数メートルの距離を保ち、数歩進むごとに私を振り向いた。

 

私がどこかに行ってしまわないよう、心配しているかのようだった。

 

重く深刻なストーリーを打ち明けたばかりの私を気遣っている。

 

チャンミンの白く大きなお尻と、落ち葉が降り積もった地面、黄色い長靴だけを見て歩いた。

 

うるさすぎる蝉の鳴き声で聴覚がおかしくなり、全身に大量の汗がまとわりつく。

 

視界が狭くなり、景色が揺らいできた。

 

「...っ...っ」

 

私は立ち止まり泣いていた。

 

嗚咽が喉でつっかえて、呼吸がしづらくとても苦しい。

 

「っく...ひっく...っく...」

 

しゃっくりみたいな声しか出なくて、喉で堰き止められた重たいものを吐き出せずにいた。

 

チャンミンは私がついてこないことに、私の様子がおかしいことに気付くと、引き返してきた。

 

後ろ立ちして私の膝小僧をぺろぺろ舐めた。

 

長靴を噛んで引っ張るチャンミンに従って、私はしゃがみ込んだ。

 

「うーっ...うっ、うー」

 

私の喉から言葉にならない呻き声が漏れる。

 

「...うー、うーっ、うー」

 

例え動物の鳴き声のようであっても、声をあげて泣くのはいつぶりだろう。

 

こめかみから流れる汗とぽろぽろと溢れ出る涙が交じり合う。

 

チャンミンは顔を覆った私の手の平の間に、自分の鼻づらを強引にねじこむと、あとからあとへとこぼれ落ちる涙を舐めとっていく。

 

「よく話してくれましたね。

たくさんお泣きなさい」

 

頭の中に響いてくるチャンミンの言葉に、私は彼を抱き締めた。

 

ふかふかの毛皮、温かく柔らかい身体、冷たく濡れた鼻。

 

チャンミンはだらりと力を抜いて、私に抱かれるままでいてくれた。

 

チャンミンは凄い。

 

とても思慮深く賢いチャンミンは、単なる「生き物」じゃない。

 

さすが図鑑に載っていないだけある。

 

気が済むまで、涙が枯れるまで私は唸り続けた。

 

喉が嗄れてひりひりするまで声を出したのは、いつぶりだろう。

 

 

 

 

「自分じゃ気付かないんだ。

どれだけ心が傷ついているのか。

平気なふりをしているから、平気だと勘違いしてしまうんだ。

ミンミンの場合は、言葉にできずグッと気持ちを飲み込んでしまっているよね」

 

その夜、私はユノさんとポーチのベンチに並んで腰かけていた。

 

足元に蚊取り線香を焚き、ユノさんはプラム酒を、私は牛乳を飲んでいた。

 

屋外の作業が多いため、ユノさんの腕は真っ黒に日焼けしていた。

 

草原からは虫の、雑木林からはカエルの鳴き声、灯りに誘われた蛾やカゲロウが外灯の電球にパタパタとぶつかる音。

 

チャンミンは、というと、私とユノさんの膝の上に長々と寝そべっている。

 

昼間の水遊びと、私への心配とでお疲れなのだ。

 

それでも耳先を小刻みに震わせ、私たちの会話に耳をそばだてている。

 

「ユノさんには全部話しているよ」

 

「そうだね。

俺にはなんでも話してくれるよね。

でもね。

俺はミンミンじゃないし、どうしても大人の観点からものごとを見てしまって、ついつい厳しいことを言ってしまうことがある。

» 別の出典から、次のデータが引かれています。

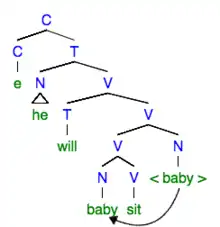 One highly influential syntactic account for NI is the head movement process proposed by Baker (1988).[11] This account states that this NI head movement is distinct from but similar to the better-established phenomenon of phrase movement and involves the movement of a head noun out of object position and into a position where it adjoins to a governing verb. An example of this movement can be seen in figure 1 where the head noun 'baby' is moved out of the object N position to become incorporated with the verb as the sister to the verb 'sit'. While this theory does not account for every language, it does provide a starting point for subsequent syntactic analyses of NI, both with and without head movement. A more recent paper by Baker (2007) addresses a number of other influential accounts including Massam’s pseudo-incorporation,[12] Van Geenhoven’s base generation,[13] and Koopman and Szabolcsi’s small phrase movement.[14][15] It was concluded that while each have their strong points, they all fail to answer some important questions, thus requiring the continued use of Baker's head movement account.[15]

アドバイスにしても、人生経験をつんでいる立場からのものだから、ミンミンにとってピンとこないものも多いと思う。

単に話を聞くだけで済んでしまっていることもね」

 

「そんなことないよ。

ユノさんは力になってくれてるよ。

ユノさんにいっぱい助けてもらってるよ」

 

「そう言ってもらえると嬉しいね。

でもね、ミンミンと同じ目線で、それが悪いことであっても全部受け止めて、認めてくれる存在がいると最高だね」

 

「...チャンミンみたいな?」

 

「そうだよ。

よかったな、ミンミン?

なかなかそんな存在とは巡り合えないんだぞ?」

 

「私が犯人なの」と口にした時、チャンミンが怒ったことを思い出していた。

 

あれは、私の考えを単に否定するものではなく、私自身を肯定するための否定だったのだ。

 

 

(つづく)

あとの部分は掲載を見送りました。